**Instructions to follow:** Could you restate, exactly and with nothing added, the lines from the start of the data through the line that holds "Looking at the", leaving the pictures out?

Recorded data
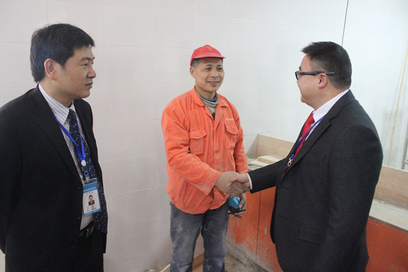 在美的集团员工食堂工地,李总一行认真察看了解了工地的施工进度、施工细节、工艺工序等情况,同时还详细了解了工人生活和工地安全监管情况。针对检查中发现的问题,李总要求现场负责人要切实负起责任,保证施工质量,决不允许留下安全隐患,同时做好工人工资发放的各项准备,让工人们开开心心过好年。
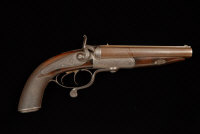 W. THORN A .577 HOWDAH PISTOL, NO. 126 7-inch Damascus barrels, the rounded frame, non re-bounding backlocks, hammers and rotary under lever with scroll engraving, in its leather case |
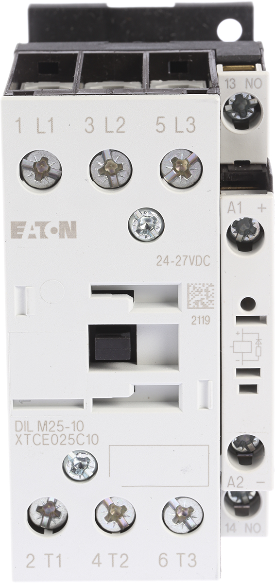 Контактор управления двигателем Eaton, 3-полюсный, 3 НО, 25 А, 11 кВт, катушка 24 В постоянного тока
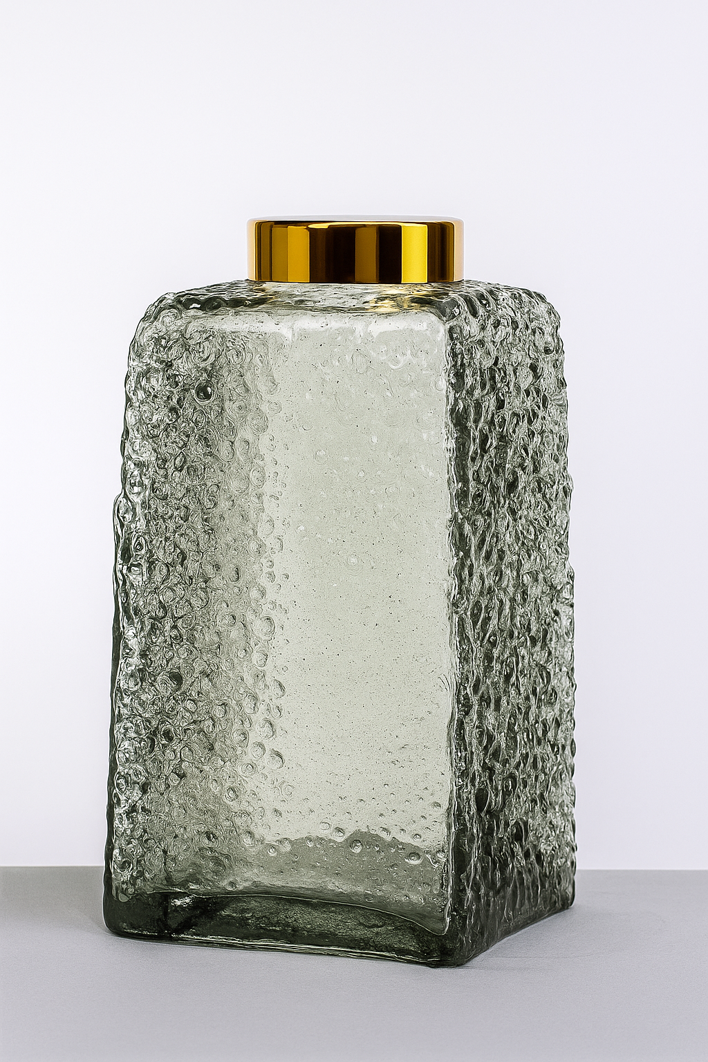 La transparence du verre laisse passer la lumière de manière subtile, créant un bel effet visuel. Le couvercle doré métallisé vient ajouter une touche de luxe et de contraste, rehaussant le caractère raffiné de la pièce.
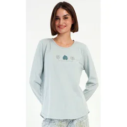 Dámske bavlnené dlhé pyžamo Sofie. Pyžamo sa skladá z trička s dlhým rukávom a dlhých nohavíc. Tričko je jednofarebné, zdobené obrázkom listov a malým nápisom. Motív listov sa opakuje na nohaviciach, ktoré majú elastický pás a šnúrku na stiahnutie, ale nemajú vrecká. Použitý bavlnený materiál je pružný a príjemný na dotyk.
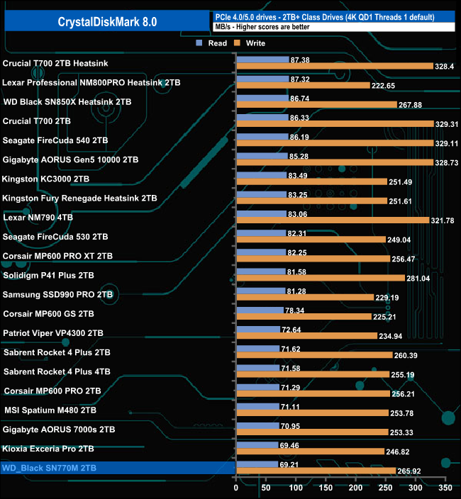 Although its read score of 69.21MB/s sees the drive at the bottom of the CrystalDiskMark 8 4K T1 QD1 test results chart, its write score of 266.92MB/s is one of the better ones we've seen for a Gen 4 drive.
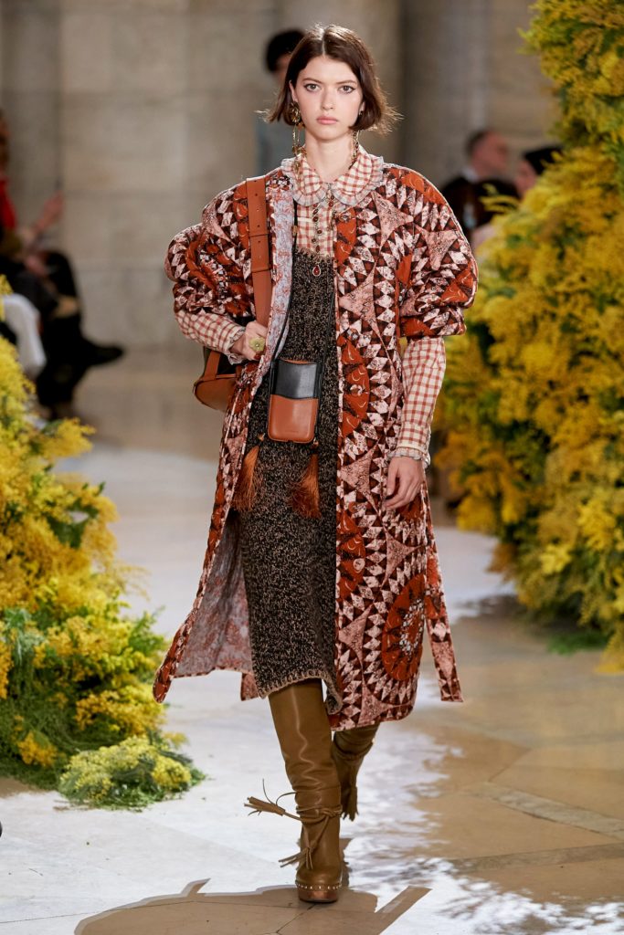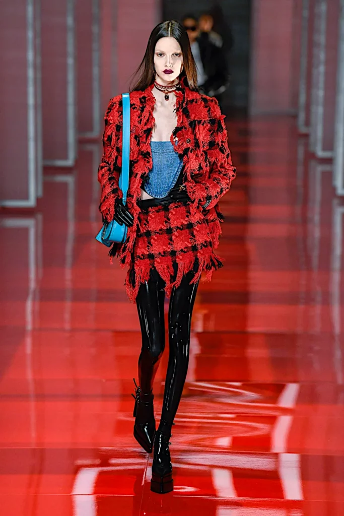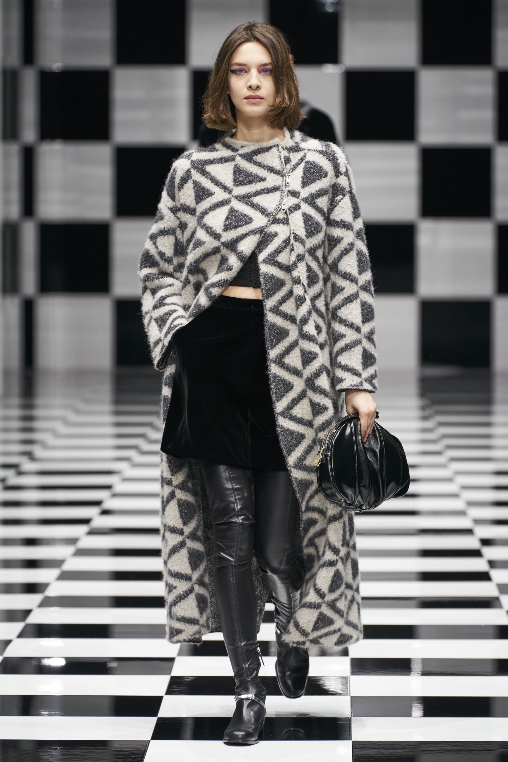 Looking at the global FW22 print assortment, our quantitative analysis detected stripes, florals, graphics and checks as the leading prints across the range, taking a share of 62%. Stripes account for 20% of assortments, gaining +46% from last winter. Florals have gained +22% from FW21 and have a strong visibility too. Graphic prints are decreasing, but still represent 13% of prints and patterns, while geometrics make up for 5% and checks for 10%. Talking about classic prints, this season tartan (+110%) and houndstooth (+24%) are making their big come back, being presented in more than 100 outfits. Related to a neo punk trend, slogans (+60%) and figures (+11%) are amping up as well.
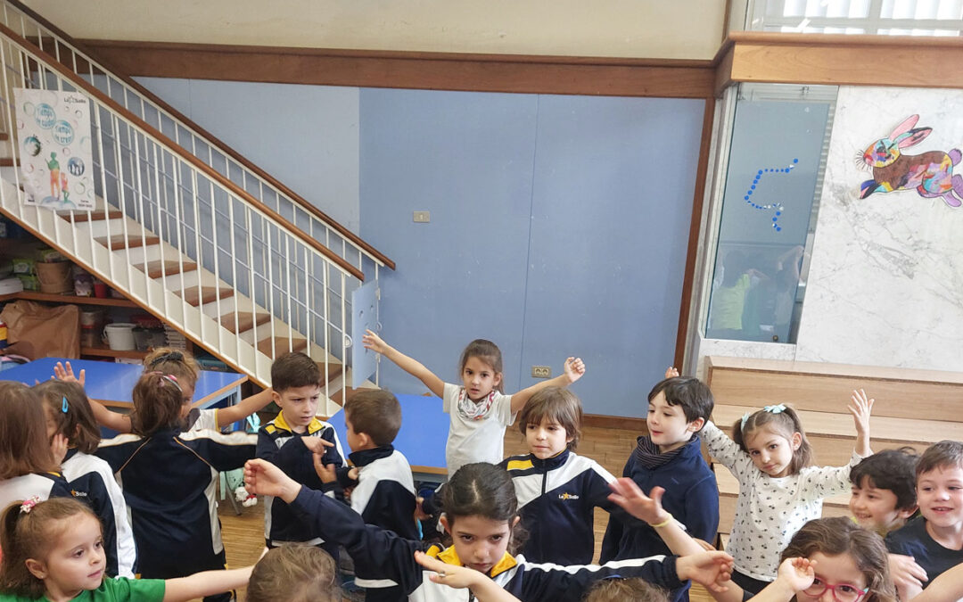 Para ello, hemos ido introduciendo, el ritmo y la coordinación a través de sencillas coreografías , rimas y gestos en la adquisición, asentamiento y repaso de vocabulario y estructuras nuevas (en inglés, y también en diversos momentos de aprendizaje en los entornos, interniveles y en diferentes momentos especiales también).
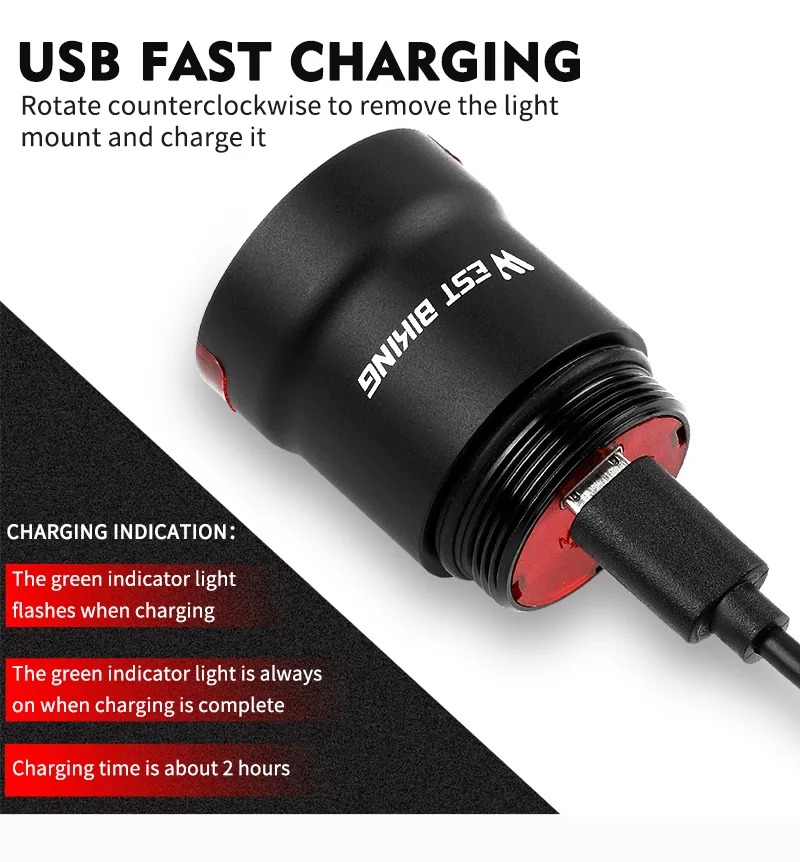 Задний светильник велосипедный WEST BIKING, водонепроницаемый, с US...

**Answer box:**
 在美的集团员工食堂工地,李总一行认真察看了解了工地的施工进度、施工细节、工艺工序等情况,同时还详细了解了工人生活和工地安全监管情况。针对检查中发现的问题,李总要求现场负责人要切实负起责任,保证施工质量,决不允许留下安全隐患,同时做好工人工资发放的各项准备,让工人们开开心心过好年。
 W. THORN A .577 HOWDAH PISTOL, NO. 126 7-inch Damascus barrels, the rounded frame, non re-bounding backlocks, hammers and rotary under lever with scroll engraving, in its leather case |
 Контактор управления двигателем Eaton, 3-полюсный, 3 НО, 25 А, 11 кВт, катушка 24 В постоянного тока
 La transparence du verre laisse passer la lumière de manière subtile, créant un bel effet visuel. Le couvercle doré métallisé vient ajouter une touche de luxe et de contraste, rehaussant le caractère raffiné de la pièce.
 Dámske bavlnené dlhé pyžamo Sofie. Pyžamo sa skladá z trička s dlhým rukávom a dlhých nohavíc. Tričko je jednofarebné, zdobené obrázkom listov a malým nápisom. Motív listov sa opakuje na nohaviciach, ktoré majú elastický pás a šnúrku na stiahnutie, ale nemajú vrecká. Použitý bavlnený materiál je pružný a príjemný na dotyk.
 Although its read score of 69.21MB/s sees the drive at the bottom of the CrystalDiskMark 8 4K T1 QD1 test results chart, its write score of 266.92MB/s is one of the better ones we've seen for a Gen 4 drive.
 Looking at the global FW22 print assortment, our quantitative analysis detected stripes, florals, graphics and checks as the leading prints across the range, taking a share of 62%. Stripes account for 20% of assortments, gaining +46% from last winter. Florals have gained +22% from FW21 and have a strong visibility too. Graphic prints are decreasing, but still represent 13% of prints and patterns, while geometrics make up for 5% and checks for 10%. Talking about classic prints, this season tartan (+110%) and houndstooth (+24%) are making their big come back, being presented in more than 100 outfits. Related to a neo punk trend, slogans (+60%) and figures (+11%) are amping up as well.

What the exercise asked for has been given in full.